(EXERCISE DATA):

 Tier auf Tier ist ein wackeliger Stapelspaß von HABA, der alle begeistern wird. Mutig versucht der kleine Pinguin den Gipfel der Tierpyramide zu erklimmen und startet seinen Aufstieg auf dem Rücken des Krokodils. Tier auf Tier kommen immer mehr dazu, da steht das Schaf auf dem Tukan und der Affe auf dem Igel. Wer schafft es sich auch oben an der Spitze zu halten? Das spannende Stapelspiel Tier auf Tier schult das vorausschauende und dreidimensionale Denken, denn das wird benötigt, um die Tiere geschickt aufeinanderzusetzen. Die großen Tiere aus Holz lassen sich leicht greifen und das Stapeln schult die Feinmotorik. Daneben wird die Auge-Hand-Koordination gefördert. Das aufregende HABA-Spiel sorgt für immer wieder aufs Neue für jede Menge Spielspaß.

--

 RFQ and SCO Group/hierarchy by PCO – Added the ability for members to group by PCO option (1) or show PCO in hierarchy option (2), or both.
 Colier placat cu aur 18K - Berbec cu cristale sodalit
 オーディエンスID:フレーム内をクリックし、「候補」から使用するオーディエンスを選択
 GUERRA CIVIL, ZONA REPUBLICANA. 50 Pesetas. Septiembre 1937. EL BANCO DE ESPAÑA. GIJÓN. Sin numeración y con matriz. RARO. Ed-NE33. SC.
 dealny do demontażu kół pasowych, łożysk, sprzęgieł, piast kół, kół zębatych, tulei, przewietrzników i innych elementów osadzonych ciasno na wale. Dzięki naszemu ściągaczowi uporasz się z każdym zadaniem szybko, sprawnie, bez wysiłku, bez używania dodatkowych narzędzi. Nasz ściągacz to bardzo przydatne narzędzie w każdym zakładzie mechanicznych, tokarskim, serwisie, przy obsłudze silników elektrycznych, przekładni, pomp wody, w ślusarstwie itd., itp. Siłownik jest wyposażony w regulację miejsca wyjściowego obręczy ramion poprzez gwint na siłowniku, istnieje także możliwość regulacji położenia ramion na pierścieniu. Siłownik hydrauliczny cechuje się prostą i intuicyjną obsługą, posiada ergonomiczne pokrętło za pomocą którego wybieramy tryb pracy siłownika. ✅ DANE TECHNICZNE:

(TASK STATEMENT):
Your answer should consist only of the lines above between the line holding "GUERRA CIVIL, ZONA" and the line holding "dealny do demontażu", inclusive, each transcribed exactly.

(SOLUTION FOR THIS EXERCISE):
 GUERRA CIVIL, ZONA REPUBLICANA. 50 Pesetas. Septiembre 1937. EL BANCO DE ESPAÑA. GIJÓN. Sin numeración y con matriz. RARO. Ed-NE33. SC.
 dealny do demontażu kół pasowych, łożysk, sprzęgieł, piast kół, kół zębatych, tulei, przewietrzników i innych elementów osadzonych ciasno na wale. Dzięki naszemu ściągaczowi uporasz się z każdym zadaniem szybko, sprawnie, bez wysiłku, bez używania dodatkowych narzędzi. Nasz ściągacz to bardzo przydatne narzędzie w każdym zakładzie mechanicznych, tokarskim, serwisie, przy obsłudze silników elektrycznych, przekładni, pomp wody, w ślusarstwie itd., itp. Siłownik jest wyposażony w regulację miejsca wyjściowego obręczy ramion poprzez gwint na siłowniku, istnieje także możliwość regulacji położenia ramion na pierścieniu. Siłownik hydrauliczny cechuje się prostą i intuicyjną obsługą, posiada ergonomiczne pokrętło za pomocą którego wybieramy tryb pracy siłownika. ✅ DANE TECHNICZNE:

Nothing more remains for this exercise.